Suspense Fallbacks
This example shows how create and switch between multiple variants of a Partial Prerendering shell by combining Suspense fallbacks with precomputed feature flags.
Concept
Precomputing feature flags and partial prerendering pages can be combined with Suspense fallbacks to predict the appropriate fallback of a Suspense boundary and thus show a skeleton which will match the predicted state.
function Example() { const hasAuth = await hasAuthCookieFlag();
return ( <Suspense fallback={hasAuth ? <AuthedSkeleton /> : <UnauthedSkeleton />}> <Dashboard /> </Suspense> );}
Learn more about precomputing
In this example the hasAuthCookieFlag
flag checks whether
the user has an authentication cookie without actually authenticating
the user yet. Authentiating the user and fetching their profile
information is left to the Dashboard
component.
Checking the existance of an authentication allows the application to know whether the user is likely to be signed in or definitely signed out. It can then use this information to either show the Sign in button or render the skeleton of the authenticated state while that resolves.
Partial Prerendering
This technique requires using Partial Prerendering to make the fallback part of the prerendered shell, which is then served statically.
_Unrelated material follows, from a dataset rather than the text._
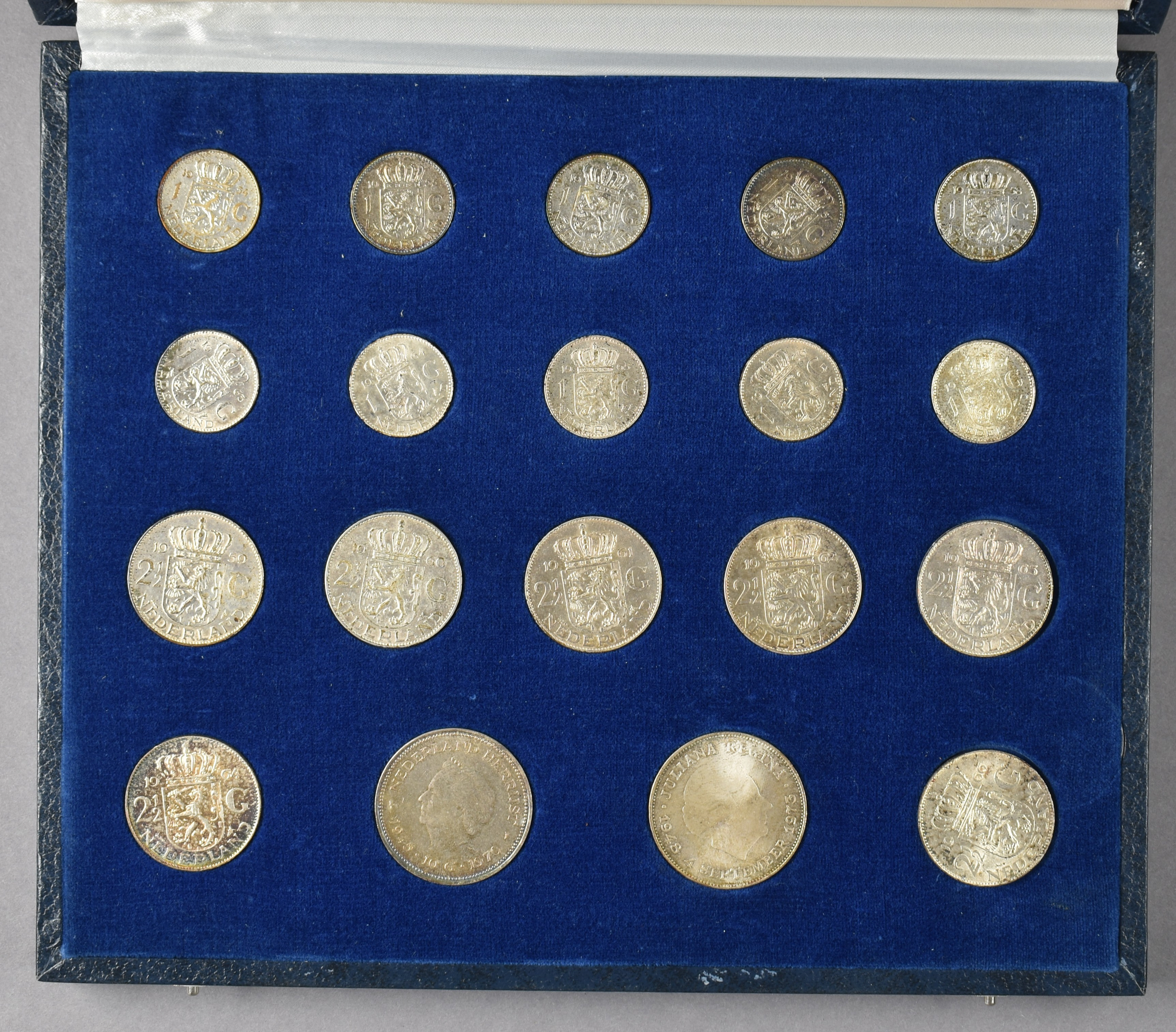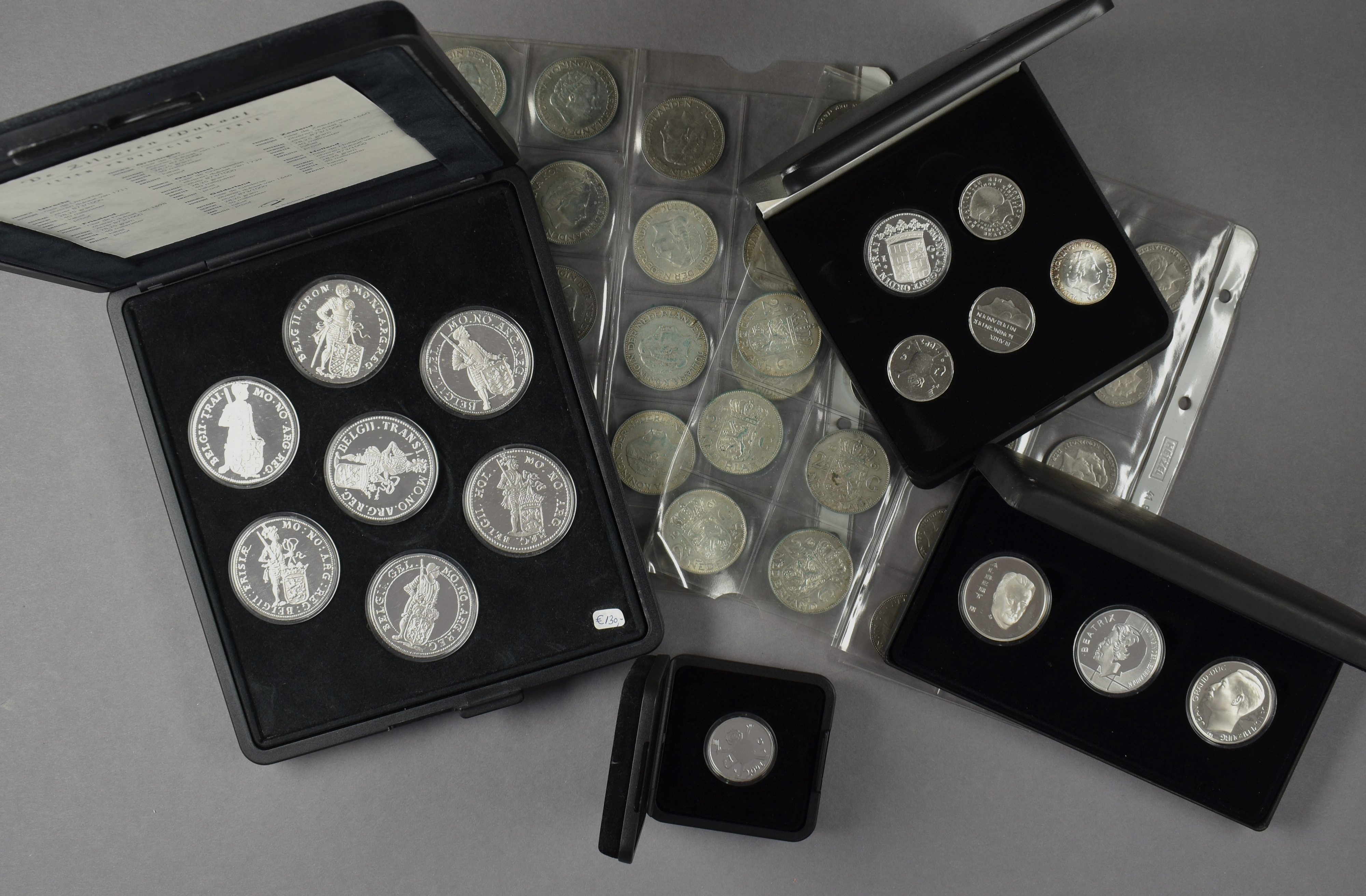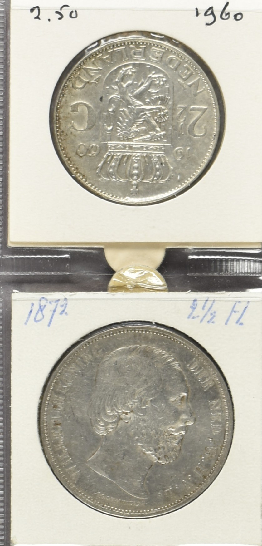 NEDERLAND, zilveren guldens, Rijksdaalders, 10- en 50 guldens alsmede zilveren Dukaten, in totaal ruim 1700 gram netto (Image) (Image2)

Essentially two different shells get created for this page: One shell with a skeleton for the authenticated state, and another shell for the unauthenticated page.
Use case
Marketing pages frequently need to either show a Dashboard button or Sign in and Sign up buttons depending on whether the user is authenticated. The approach outlined here allows serving the marketing pages statically without blocking the response on the auth state. Partial Prerendering the streams the auth state once it is resolved as part of the same response.
Example
Reload the frame while signed out to see the Sign in button immediately, without any layout shift. Then click Sign in and reload the page again to see the skeleton for the authenticated state, again without any layout shift.
Bypassing Edge Middleware altogether
The approach outlined above is already extremely performant. It is possible to further improve latency by avoiding the need to invoke Edge Middleware.
Using the rewrites
in next.config.js
allows
detecting whether an authentication cookie is present and rewriting the
request appropriately. An example of this technique is shown in this pull request.
This approach is only an alternative for the authentication scenario as it does not scale across multiple feature flags, and is limited to situations the Next.js rewrites configuration can express. The additional complexity is typically not worth the single digit milliseconds it saves.